#### [EXERCISE REQUIREMENTS]
Given these entries, repeat exactly the lines starting with the one that has "cuesta la vida |" and going on through the one that has "Bring a fun", both included, but none of the pictures.

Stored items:

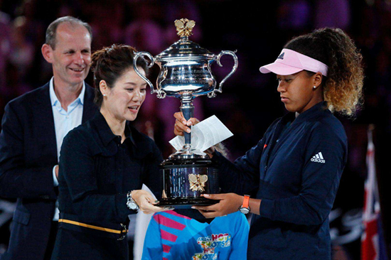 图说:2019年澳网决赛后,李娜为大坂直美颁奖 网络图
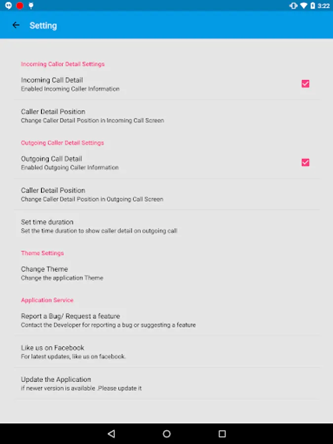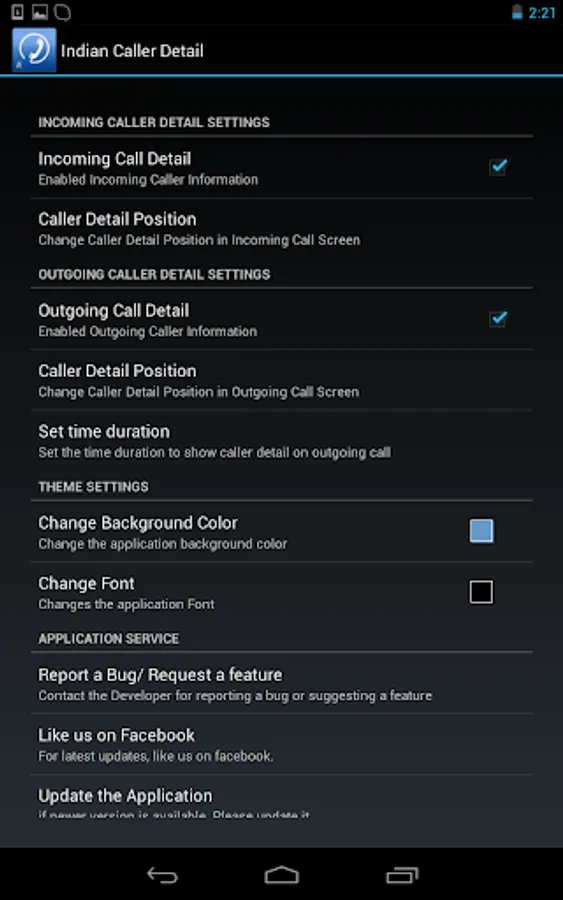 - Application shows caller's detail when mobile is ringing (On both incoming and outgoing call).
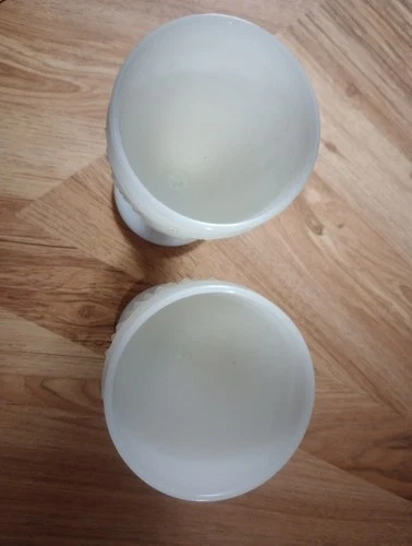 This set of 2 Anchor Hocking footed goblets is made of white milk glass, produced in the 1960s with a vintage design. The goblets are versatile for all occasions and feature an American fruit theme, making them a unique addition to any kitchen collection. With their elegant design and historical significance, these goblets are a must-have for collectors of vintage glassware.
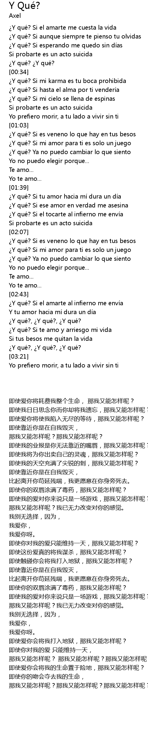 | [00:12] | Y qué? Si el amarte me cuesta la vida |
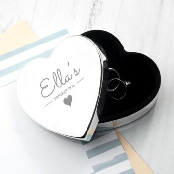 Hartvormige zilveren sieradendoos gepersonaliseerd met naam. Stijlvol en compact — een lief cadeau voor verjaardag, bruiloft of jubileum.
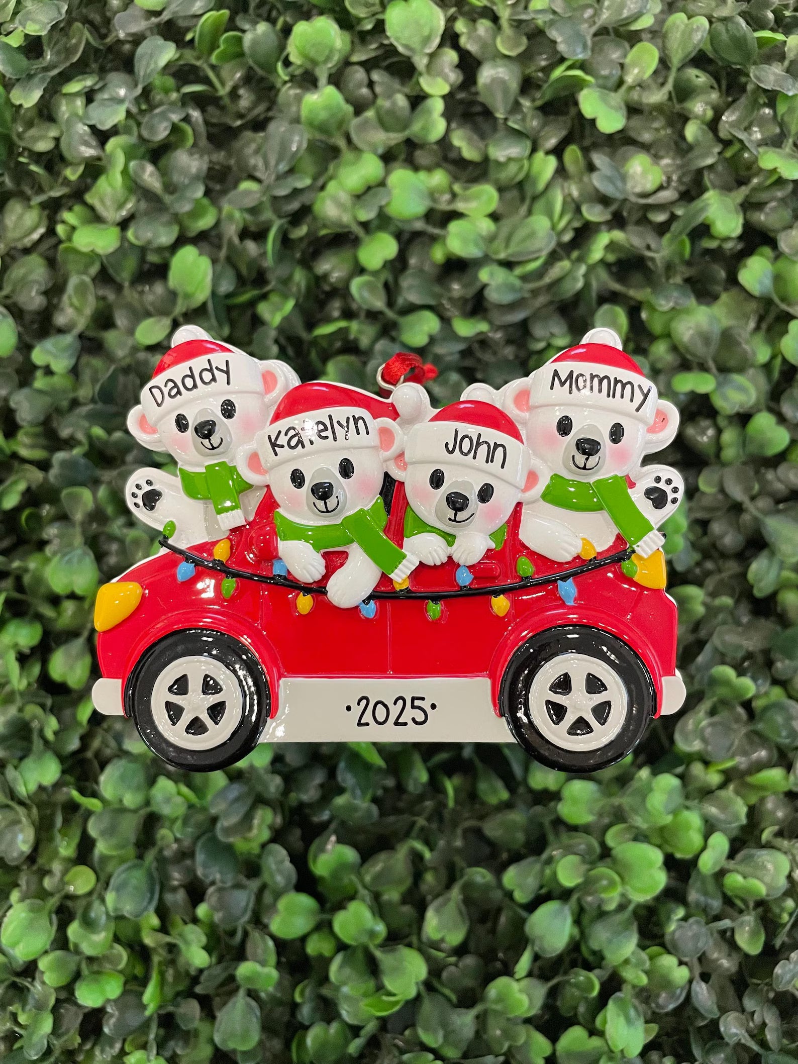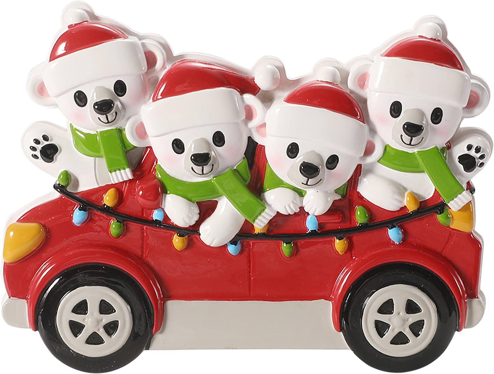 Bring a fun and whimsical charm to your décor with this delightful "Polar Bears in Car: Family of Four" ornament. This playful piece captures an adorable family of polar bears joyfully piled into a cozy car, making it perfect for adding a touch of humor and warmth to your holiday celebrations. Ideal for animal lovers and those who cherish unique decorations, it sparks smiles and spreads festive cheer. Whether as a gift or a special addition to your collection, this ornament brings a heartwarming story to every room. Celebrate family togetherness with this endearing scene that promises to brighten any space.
* * *
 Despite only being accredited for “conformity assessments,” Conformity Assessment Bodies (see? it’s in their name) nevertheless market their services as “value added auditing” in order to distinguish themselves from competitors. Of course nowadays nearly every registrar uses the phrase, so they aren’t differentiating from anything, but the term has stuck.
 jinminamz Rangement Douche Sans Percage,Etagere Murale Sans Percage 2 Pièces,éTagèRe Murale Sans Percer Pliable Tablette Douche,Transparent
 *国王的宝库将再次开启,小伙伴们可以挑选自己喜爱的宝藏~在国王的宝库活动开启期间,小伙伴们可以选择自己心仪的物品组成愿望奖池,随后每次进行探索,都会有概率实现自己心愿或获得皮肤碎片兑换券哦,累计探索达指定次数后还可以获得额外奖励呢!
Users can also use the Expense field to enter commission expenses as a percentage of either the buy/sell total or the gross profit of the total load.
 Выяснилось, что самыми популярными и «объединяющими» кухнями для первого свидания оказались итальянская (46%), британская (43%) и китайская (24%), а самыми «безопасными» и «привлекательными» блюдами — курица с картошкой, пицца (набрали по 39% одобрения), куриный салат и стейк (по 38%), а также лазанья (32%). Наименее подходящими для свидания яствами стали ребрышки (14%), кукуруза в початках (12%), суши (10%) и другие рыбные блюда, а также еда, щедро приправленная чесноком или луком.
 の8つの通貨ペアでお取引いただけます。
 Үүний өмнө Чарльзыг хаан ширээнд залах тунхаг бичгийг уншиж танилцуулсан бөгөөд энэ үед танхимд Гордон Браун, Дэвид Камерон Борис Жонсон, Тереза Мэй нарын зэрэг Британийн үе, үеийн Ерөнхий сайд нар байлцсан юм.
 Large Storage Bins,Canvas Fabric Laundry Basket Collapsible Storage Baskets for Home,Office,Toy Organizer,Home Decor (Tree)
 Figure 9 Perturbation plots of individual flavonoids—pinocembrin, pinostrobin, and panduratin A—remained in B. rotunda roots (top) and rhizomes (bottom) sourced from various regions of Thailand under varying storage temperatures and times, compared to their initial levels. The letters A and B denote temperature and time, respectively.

#### [ANSWER FOR THIS EXERCISE]
 | [00:12] | Y qué? Si el amarte me cuesta la vida |
 Hartvormige zilveren sieradendoos gepersonaliseerd met naam. Stijlvol en compact — een lief cadeau voor verjaardag, bruiloft of jubileum.
 Bring a fun and whimsical charm to your décor with this delightful "Polar Bears in Car: Family of Four" ornament. This playful piece captures an adorable family of polar bears joyfully piled into a cozy car, making it perfect for adding a touch of humor and warmth to your holiday celebrations. Ideal for animal lovers and those who cherish unique decorations, it sparks smiles and spreads festive cheer. Whether as a gift or a special addition to your collection, this ornament brings a heartwarming story to every room. Celebrate family togetherness with this endearing scene that promises to brighten any space.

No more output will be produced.